━━━ SUPPLIED MATERIAL

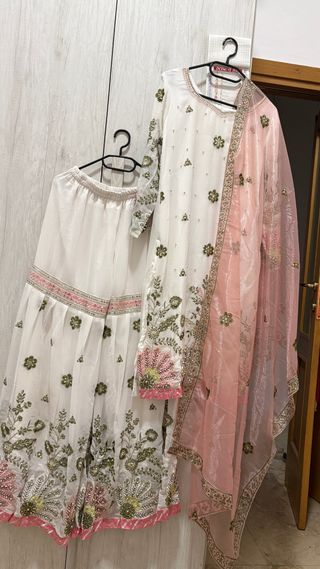 Elegante abito indiano con ricami floreali. - Tessuto bianco con dettagli rosa. - Maniche lunghe ricamate. - Dupatta abbinata in tessuto leggero.
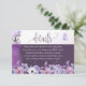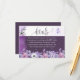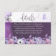 A romantic purple floral wedding details card featuring soft watercolor flowers in lavender, blush, and white, paired with delicate botanical line art and a graceful butterfly accent. The elegant layout combines a clean white upper section with a deep plum panel and a lush floral border along the bottom, creating a stylish and coordinated insert for sharing wedding information, venue directions, accommodations, RSVP notes, and reception details.
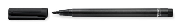 Universalstift für fast alle Oberflächen, für Overhead-Projektion geeignet, hervorragend wisch- und wasserfest auf fast allen Flächen, DRY SAFE - kann tagelang offen liegen ohne einzutrocknen, Strichstärke M (medium, ca. 1,0 mm), Schaft schwarz, Schoner und Abschlusskappe in Tintenfarbe, Gehäuse aus 97 % recyceltem Plastik, Made in Germany, auch erhältlich in aufstellbarer STAEDTLER Box
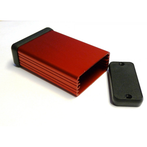 red extruded aluminum enclosure with plastic end panels RED 80 X 54 X 23MM ALUM ENCL (3.15 x 2.13 x 0.91) Hammond PN 1455C802RD : UPC [623980031514] Color: Red
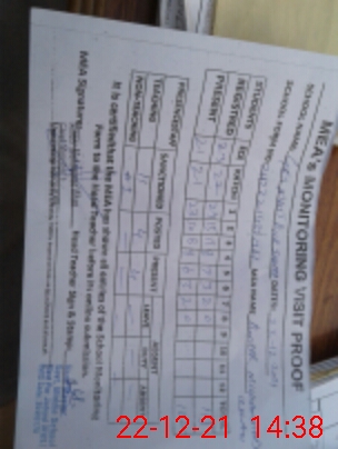 | Attendance Register | Head Teacher | MEA with School | Visit Proof |
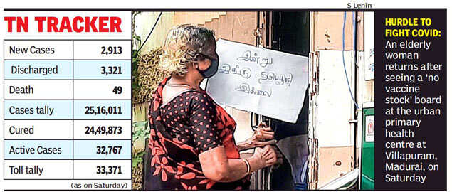CHENNAI: Most vaccination centres across the state were closed after more than 18 districts reported nil stock on Saturday.
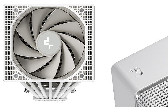 Com um simples toque de um botão, o ASSASSIN VC ELITE WH pode se transformar de um refrigerador silencioso quando o baixo ruído é de extrema importância para a eficiente força de resfriamento pela qual os refrigeradores de ar DeepCool são conhecidos.
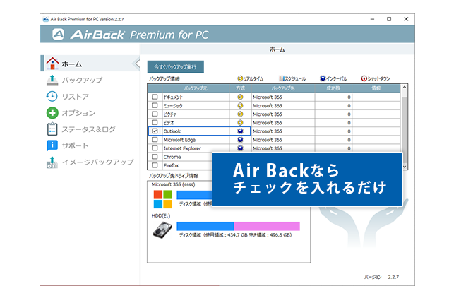 Air Back Premium for PC であれば、 Microsoft Outlook を閉じずにバックアップすることが可能です。
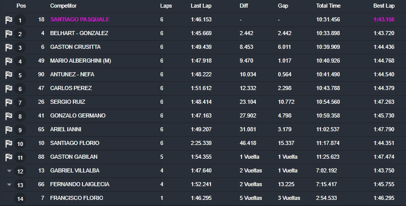 En la Clase «B», el autor de la «pole position» también cambió el «1» por serie. El baraderense Santiago Pasquale (Chevrolet) prevaleció con autoridad y estiró a más de dos segundos la ventaja sobre Guillermo Belhart (Chevrolet). Más atrás figuró el experimentado Gastón Crusitta (Ford), en el tercer puesto y a 8s453 de la referencia.
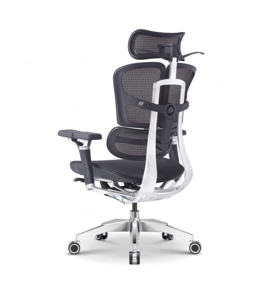 Поясничный упор кресла представляет третью , нижнюю часть спинки. Однако стоит рассмотреть его отдельно в силу уникальности. В отличие от многих современных кресел, в поясничном упоре этого кресла предусмотрена возможность серьезной регулировки упора под конкретного пользователя. Поясничный упор можно поднять-опустить, выдвинуть вперед или наоборот задвинуть, а также можно изменить жесткость. Кроме того поясничный упор достаточно гибкий и следует за вами при повороте туловища.
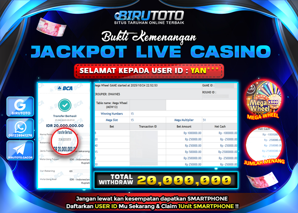 BIRUTOTO JACKPOT LIVE CASINO MEGA WHEEL Rp.20.000.000 LUNAS
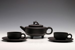 采用了原矿黑泥制作而成,壶容量为300cc,这款筋纹壶,观其工艺和造型,真令人拍手叫绝,壶身略微扁圆形,平肩衬托之下更觉壶身扁平,茄蒂为壶钮,拿捏舒适,口盖子母线精确地将壶盖、壶口分割开来,大气十足,一变嘴,出水爽利,耳形壶把随身势,线条流畅,比例得当,整款壶力蕴十足。
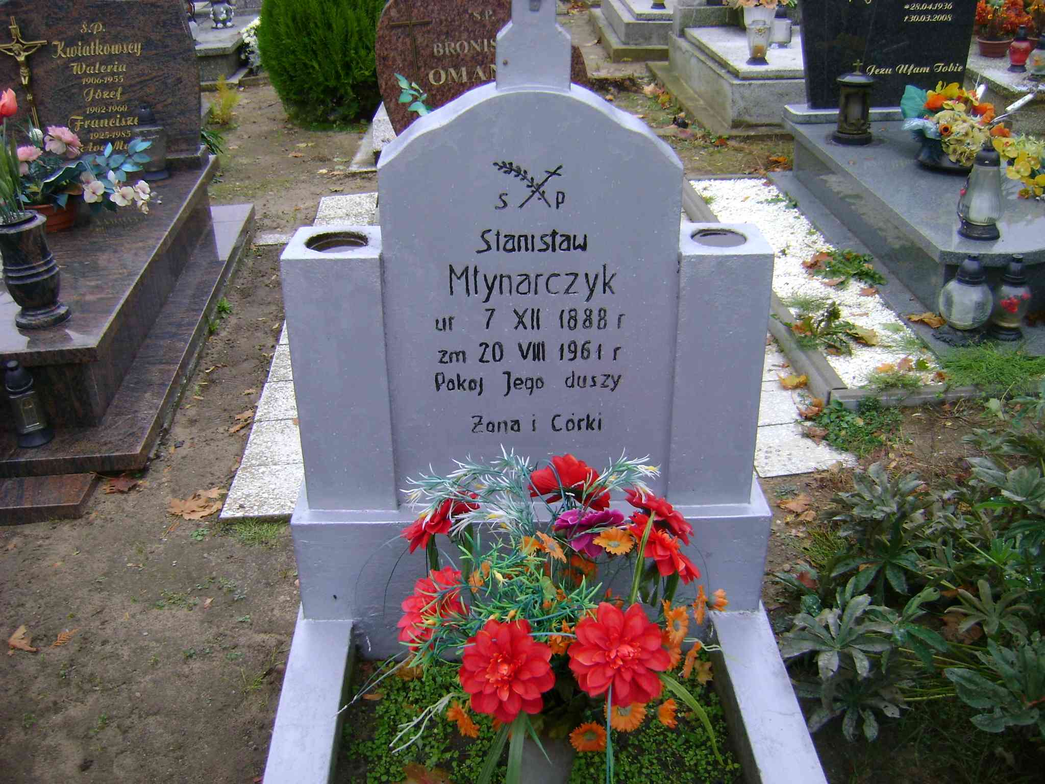 Grób: II.8.12 Młynarczyk Stanisław ur.:07.12.1888 zm.:20.08.1961 |
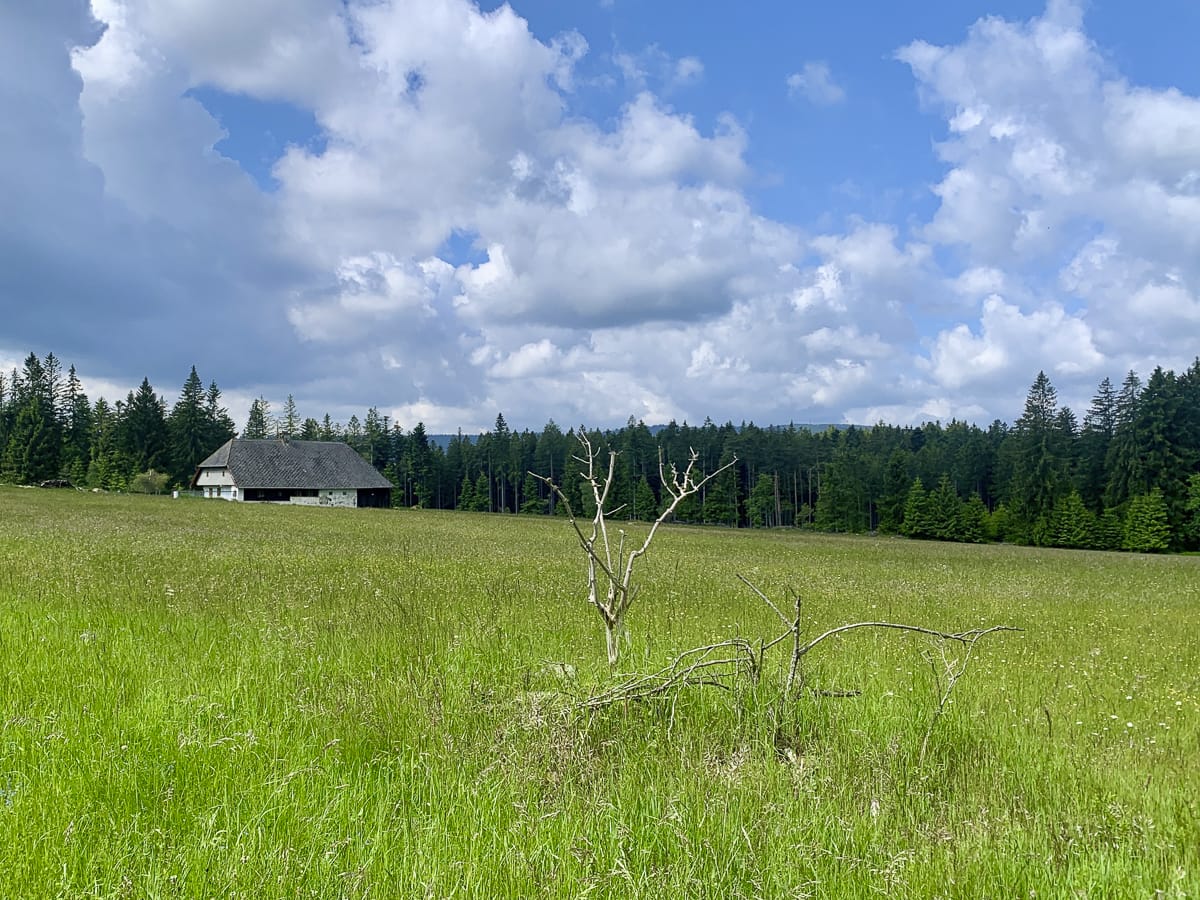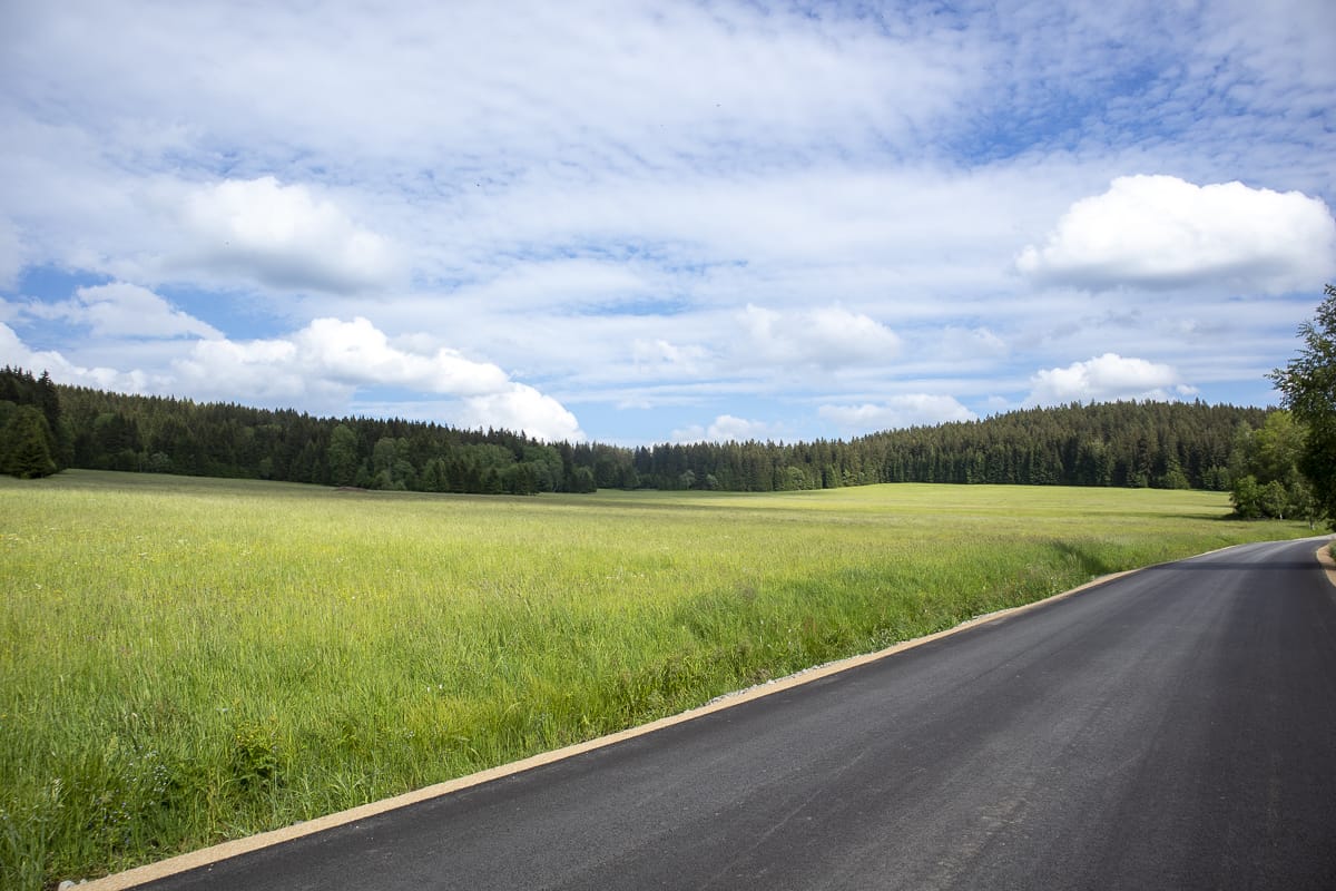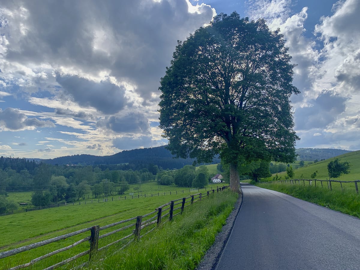 Dann geht es bergab in Richtung Horskà Kvilda / Innergfield. Malerisch schön. Das haben auch die Tourismusmanager:innen inzwischen entdeckt, es gibt eine neue Zufahrtstraße, renovierte Häuser, die auf Chalet machen. Aber: auch wir mögen jetzt wieder glatten Asphalt 😉

━━━━━━

TASK INSTRUCTIONS | Each line from the first line of the data above through the one containing "CHENNAI: Most vaccination" must be set down exactly; the pictures must not be.

ANSWER TO THIS TASK |
 Elegante abito indiano con ricami floreali. - Tessuto bianco con dettagli rosa. - Maniche lunghe ricamate. - Dupatta abbinata in tessuto leggero.
 A romantic purple floral wedding details card featuring soft watercolor flowers in lavender, blush, and white, paired with delicate botanical line art and a graceful butterfly accent. The elegant layout combines a clean white upper section with a deep plum panel and a lush floral border along the bottom, creating a stylish and coordinated insert for sharing wedding information, venue directions, accommodations, RSVP notes, and reception details.
 Universalstift für fast alle Oberflächen, für Overhead-Projektion geeignet, hervorragend wisch- und wasserfest auf fast allen Flächen, DRY SAFE - kann tagelang offen liegen ohne einzutrocknen, Strichstärke M (medium, ca. 1,0 mm), Schaft schwarz, Schoner und Abschlusskappe in Tintenfarbe, Gehäuse aus 97 % recyceltem Plastik, Made in Germany, auch erhältlich in aufstellbarer STAEDTLER Box
 red extruded aluminum enclosure with plastic end panels RED 80 X 54 X 23MM ALUM ENCL (3.15 x 2.13 x 0.91) Hammond PN 1455C802RD : UPC [623980031514] Color: Red
 | Attendance Register | Head Teacher | MEA with School | Visit Proof |
CHENNAI: Most vaccination centres across the state were closed after more than 18 districts reported nil stock on Saturday.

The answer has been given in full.